Last weekend, I ventured down to the head of Lake Wakatipu with two mates for a hike-n-fly mission near Glenorchy – a super scenic little town about an hour away from Queenstown.
This was the first overnight hike-n-fly trip I’ve done this year, and I was excited to fly from the flanks of Mt McIntosh, a 1,701 metre mountain that overlooks the Dart and Rees Valley and the iconic Mt Earnslaw. I wasn’t, however, excited to lug my paraglider and food and cooker and sleeping bag up the mountain, albeit that’s the nature of the game.
I had not been back this way since 2011, when I did a hike-n-bike mission with my mate Toby. Four years later, I’ve exchanged my bike for my paraglider – an equally exciting way to get back down the mountain at the end of the trip.
The hike starts with a slow climb up the Mt Judah road before dropping down into the Buckler Burn.
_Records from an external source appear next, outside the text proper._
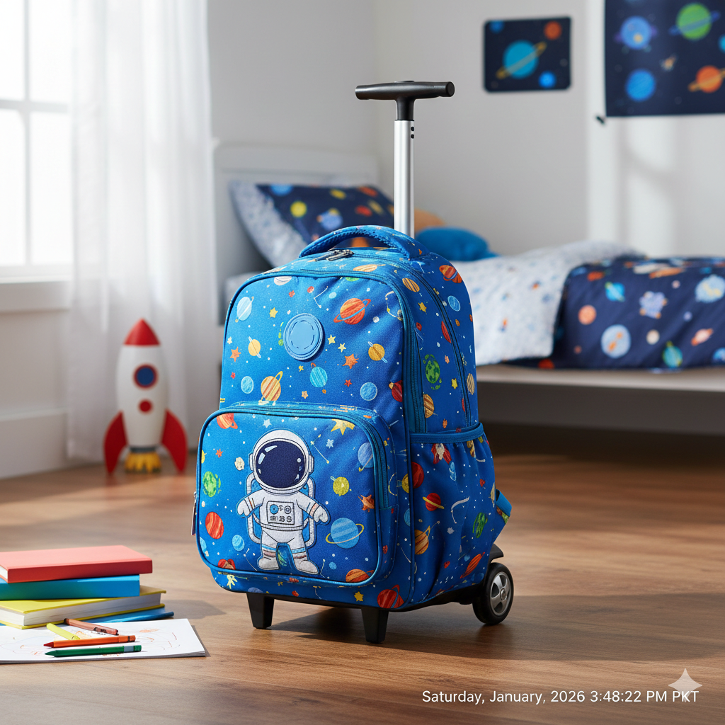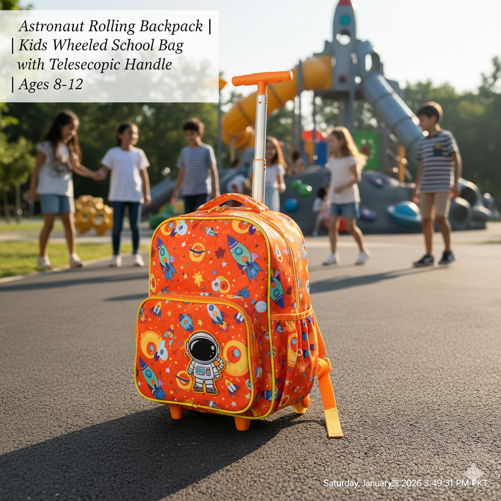 Galaxy-themed rolling backpack with retractable handle and durable wheels. Features multiple compartments for books, laptop sleeve (fits up to 13″), and organizational pockets. Made from tear-resistant polyester with reinforced stitching. Perfect for students with heavy loads or walking to school.
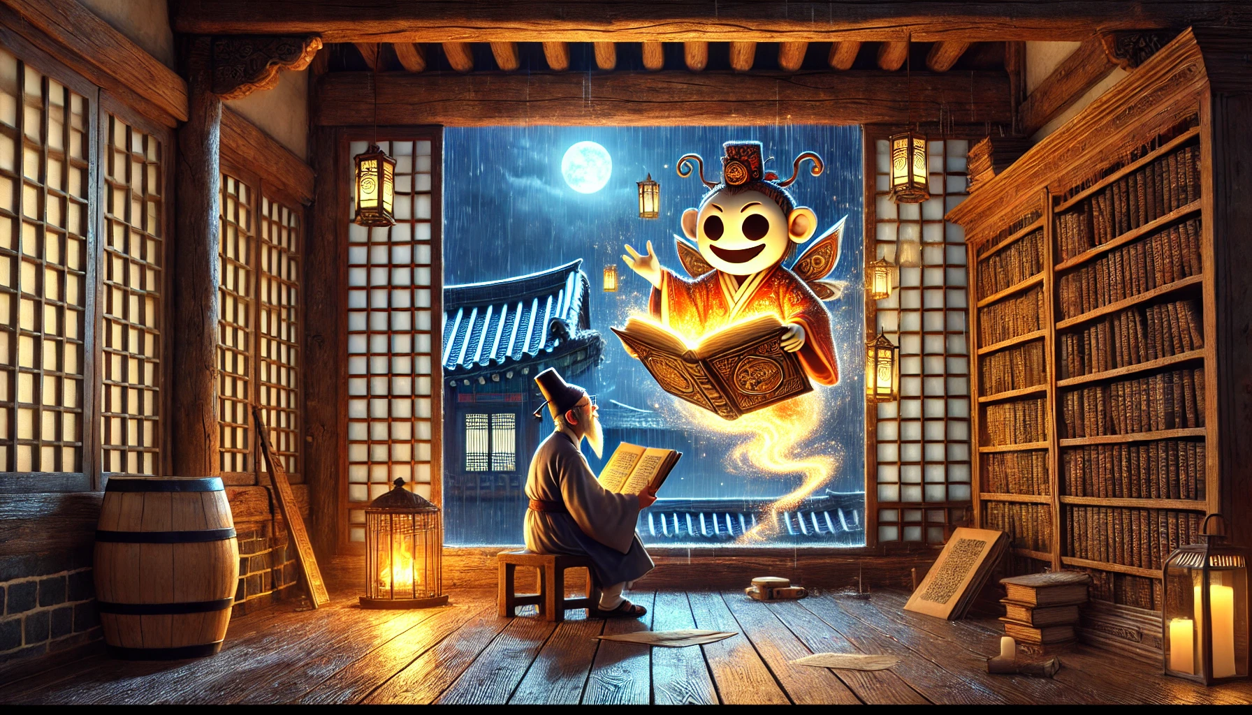 #조선시대, #야담, #도깨비, #책, #서재, #선비, #밤, #비바람, #마을, #기묘한일, #초자연현상, #전설, #귀신이야기, #옛이야기, #한밤중, #학자, #책장, #비밀, #신비, #오래된책
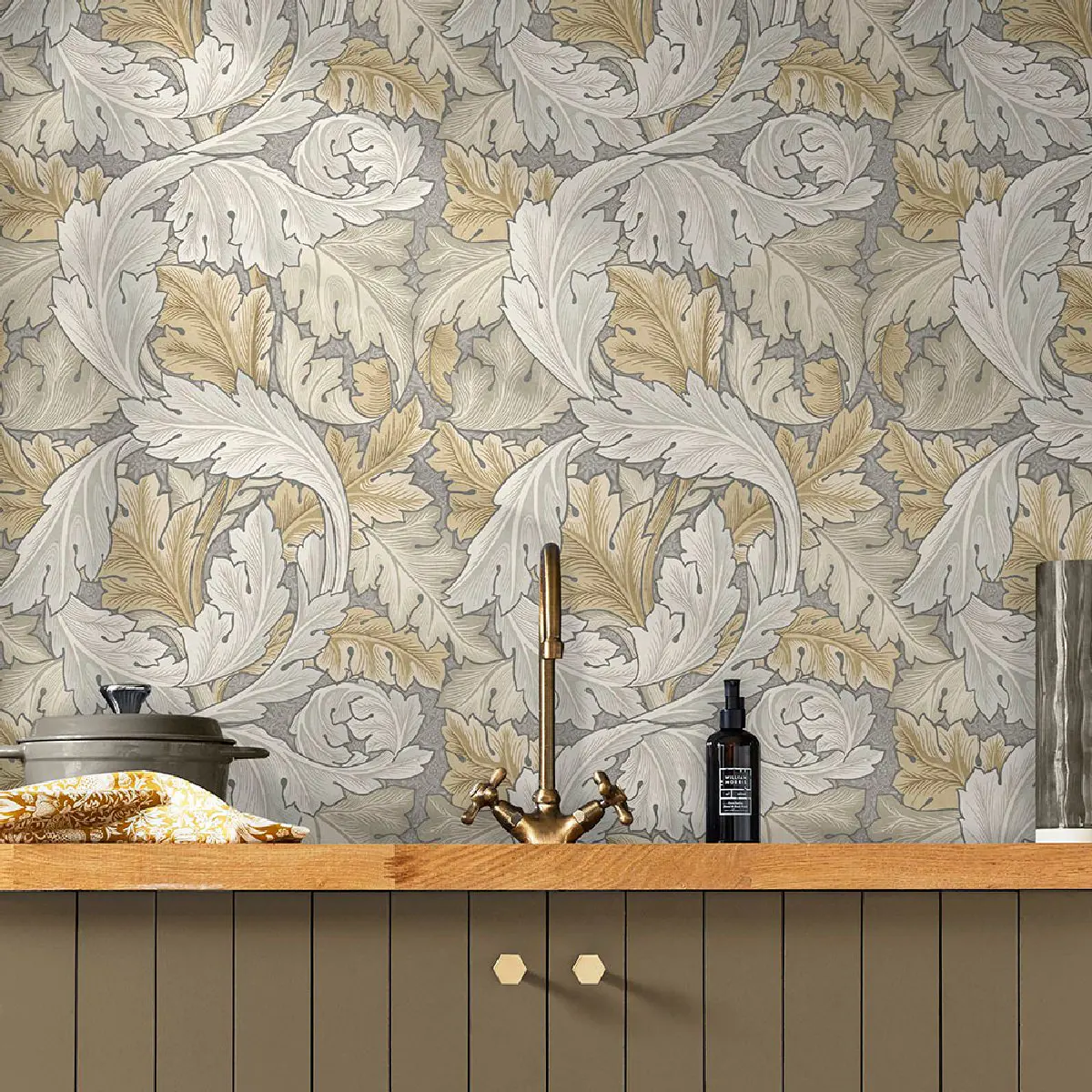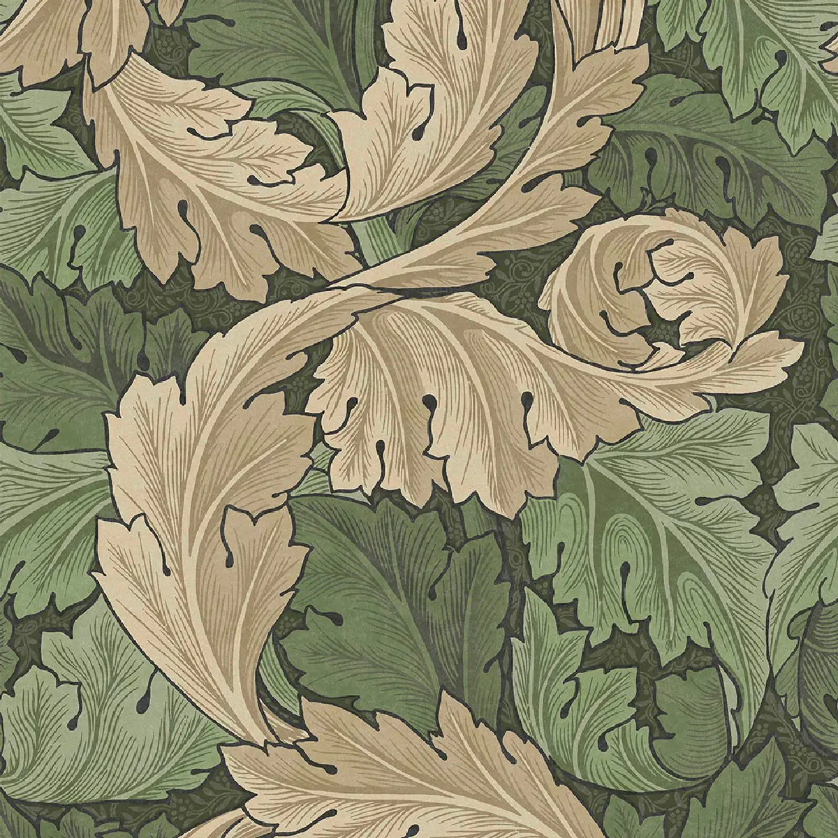 Acanthusblad pryder många av Morris tapeter och är en central del i hans tapetmönster "Acanthus". Dessa virvlande, böljande blad användes först i antika grekiska verk och har sedan dess dekorerat väggar och byggnader. Morris fann detta klassiska motiv idealiskt för upprepade mönster och ansåg att det stora mönstret han skapade här var perfekt för mindre rum, vilket skapade en mer rofylld atmosfär än ett mindre, tätare mönster.
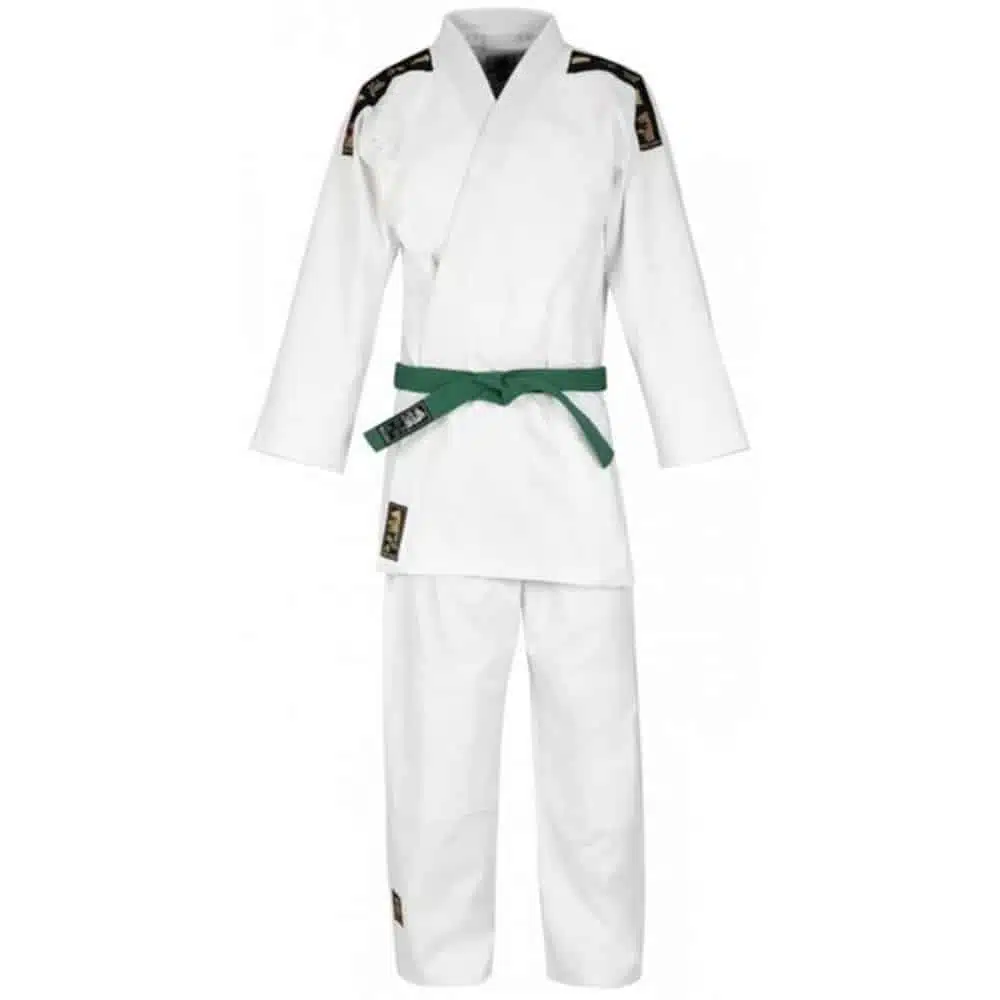 Het Judo Club Met Label pak is vervaardigd uit 100% gewafeld katoen met een gewicht van 450 gram, waardoor het stevig en comfortabel aanvoelt tijdens trainingen en wedstrijden. De stijlvolle zwart-gouden schouderlabels met judotekens geven het pak een professionele uitstraling.
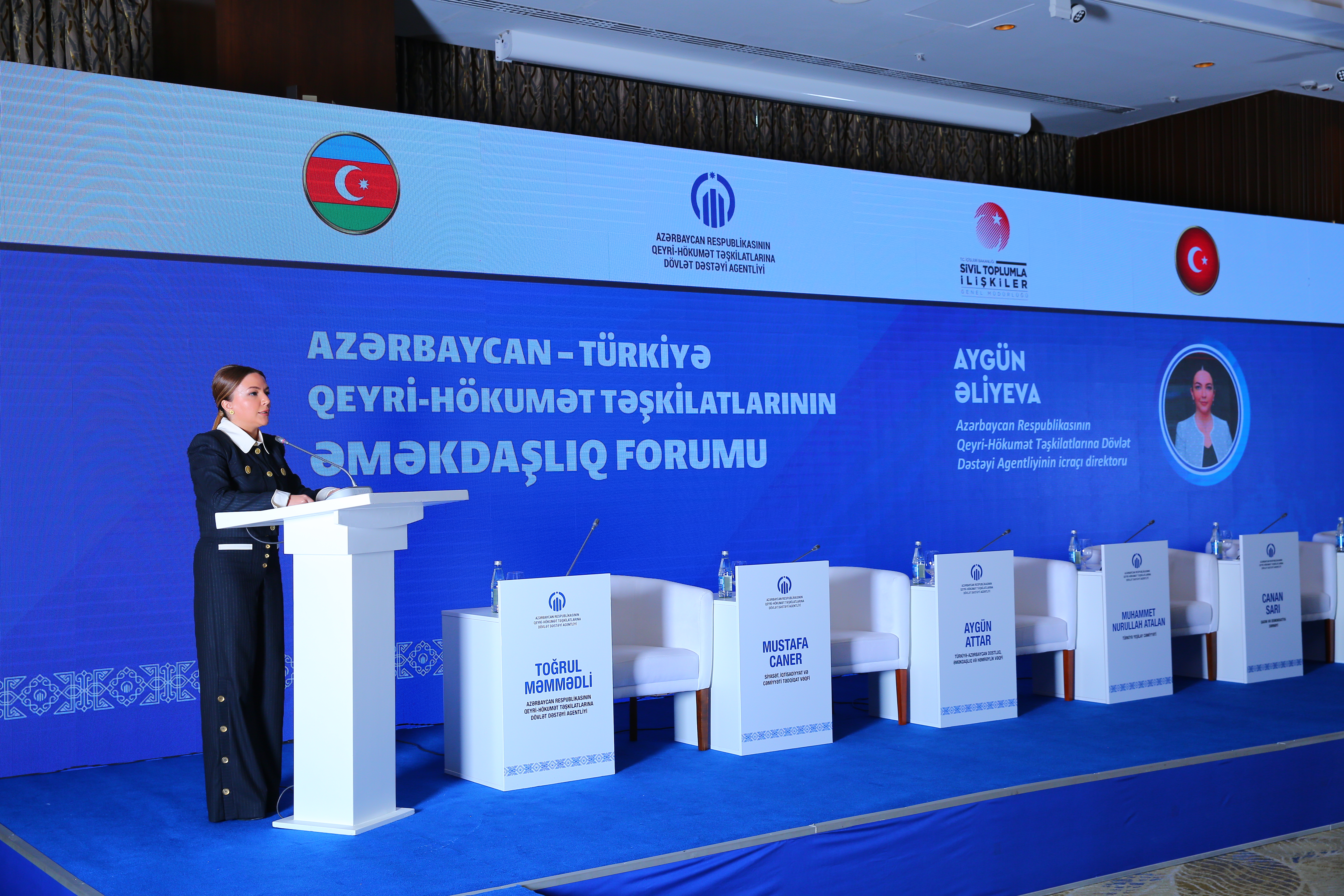 Foruma açılış nitqi ilə başlayan Azərbaycan Respublikasının Qeyri-Hökumət Təşkilatlarına Dövlət Dəstəyi Agentliyinin icraçı direktoru Aygün Əliyeva Azərbaycan – Türkiyə əlaqələrindən və forumun əhəmiyyətindən danışaraq bildirib ki, belə bir əhəmiyyətli forumun Bakıda keçirilməsi vətəndaş cəmiyyətinin inkişafına böyük təkan verəcək. A.Əliyeva onu da qeyd edib ki, Azərbaycanda vətəndaş cəmiyyətinin inkişafı dövlət siyasətidir və vətəndaş cəmiyyəti üzvlərinin fəaliyyətinin dəstəklənməsi ilə bağlı mühüm işlər görülür, onların inkişafı üçün əlverişli mühit yaradılıb. Bunun nəticəsidir ki, ölkəmizdə qeyri-hökumət təşkilatlarının fəaliyyəti ildən-ilə genişlənir.

This river could very easily be impassable in times of heavy rain, so if you’re heading back this way don’t be tempted to cross if the flow is too high. After crossing the river, there’s a significant grunt up to the 1,400 metre Mt McIntosh Hut – a grunt made especially difficult with 20kgs of paragliding gear on my back. About half-way up, you pass the equally scenic Mt McIntyre Hut – a brilliant overnight option as well.
No two backcountry huts in New Zealand are the same, and the McIntosh Hut doesn’t disappoint. It was a delightful place to spend the night, with Mother Nature giving us wind, rain, sun and about everything in between. The hut is situated on the side of Mt McIntosh and the changing weather afforded us some moody views of Mt Alfred, Mt Earnslaw and the Rees Valley.
The majority of huts in the New Zealand backcountry would have originally been built for deer cullers; deer were introduced into New Zealand for hunting in the mid 1800s, and soon their population ballooned and these introduced mammals were wreaking havoc on the natural ecosystem. In the early 1900s the government employed hunters to tackle the New Zealand backcountry, paying them a bounty on the deer they were able to cull.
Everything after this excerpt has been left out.